Dreaming weekend on the Amalfi coast

Maybe it’s due to the spectacular views of the Amalfi coast which can be seen from the Terrace of Infinity in Villa Cimbrone, where behind an unexpected parade of marble busts the deep blue of the sky. Or maybe it’s is because of the perfume of flowers that you can breathe walking through the Enchanted Gardens of Villa Rufolo, in the heat of the sun that lit red and orange the Avenue of the Immense, or even for the bracing air that smells of salt and citrus,  fact is that Ravello has always been one of the most charming, loved and sought after by travelers of all ages.
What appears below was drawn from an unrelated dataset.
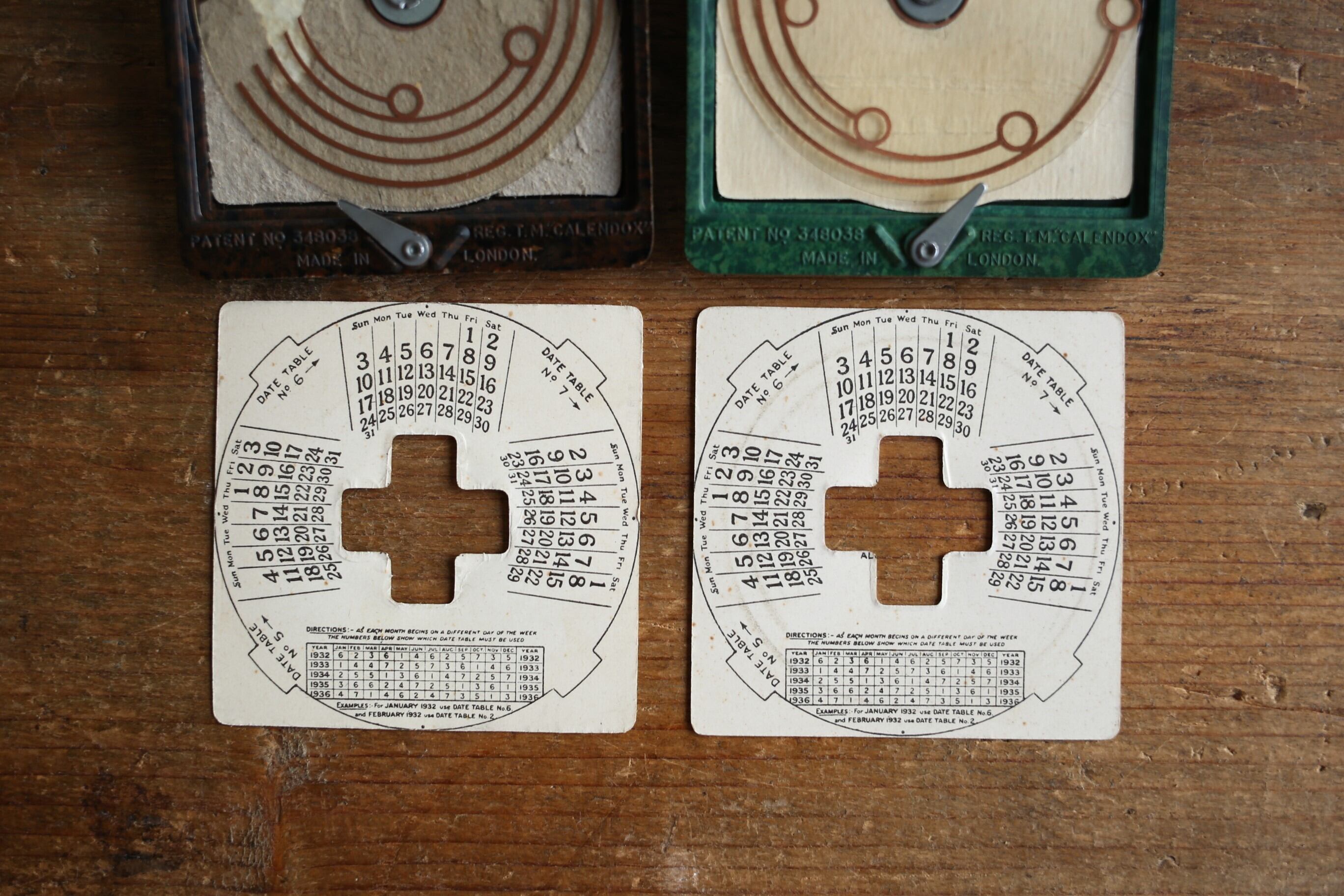 中のカレンダーが書かれた台紙には7つのカレンダーの合わせ方の説明箇所がありますが、そこに1932年から1936年の例が書かれていますので、おそらく1931年に製造されたものと推測できます。
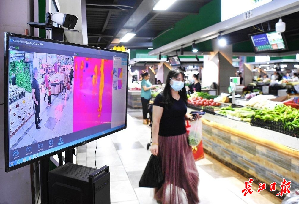 市场入口安装有红外体温检测仪。 长江日报记者高勇 摄

It is no coincidence that Richard Wagner stayed here and Arturo Toscanini, Virginia Woolf and well Greta Garbo and Humphrey Bogart, Gina Lollobrigida Toto, and Jacqueline Kennedy Onassis. But already the named Boccaccio in his Decameron when he wrote that “… the most beautiful part of Italy … a coast … covered with little towns … gardens and fountains … including these cities It is one called Ravello “Ravello and is the protagonist of one of the finest novels, Landulf Rufolo: noble by birth, by choice pirate, shipwrecked for fortune and finally, for skill and good fortune, happy owner of an immense treasure.
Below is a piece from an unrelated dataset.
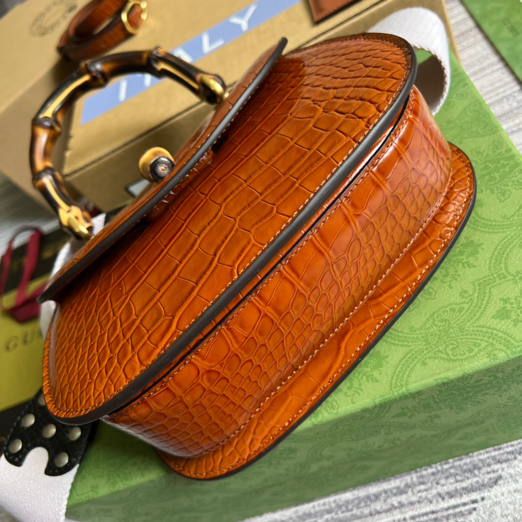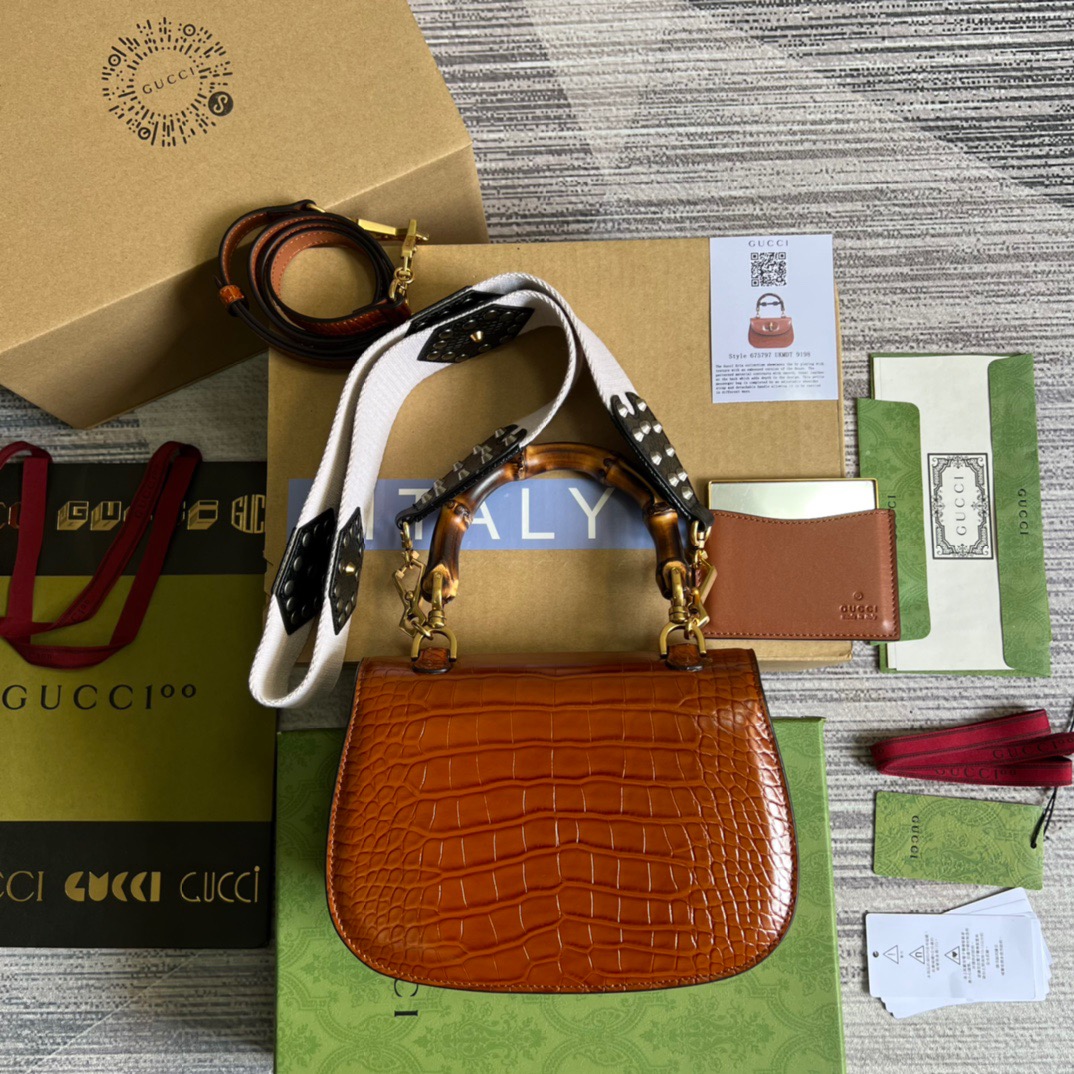 Gucci Bamboo 1947 Crocodile Top Handle Bag Red For Women, Women’s Bags 10.2in/26cm GG

Perched on a rocky hill, an ideal place for the defense, Ravello enjoys today, precisely because of this his prodigious protruding position on the infinite abyss blue, one of the most charming and seductive views of the Amalfi Coast. You will fall in love immediatly: walking by the cobbled streets of the small town center, among craft shops, bars and pottery workshops, starting from the Cathedral Square where stands the Cathedral of the town, construction of the eleventh century by the famous bronze portal and from the pulpit supported by six spiral columns. Do not miss the charming Villa Rufolo, seat of the now historic Ravello Festival, which, with its gardens, architectural shapes, scents and colors, embellished with fountains and exotic plants, and halfway between the medieval and Moorish, was the place that inspired Wagner’s second act of his Parsifal. No less spectacular is the eclectic Villa Cimbrone with its entrance all’edenico natural balcony surrounded by cypress sculptures, fragrant roses, wisteria rain and statues of Roman gods.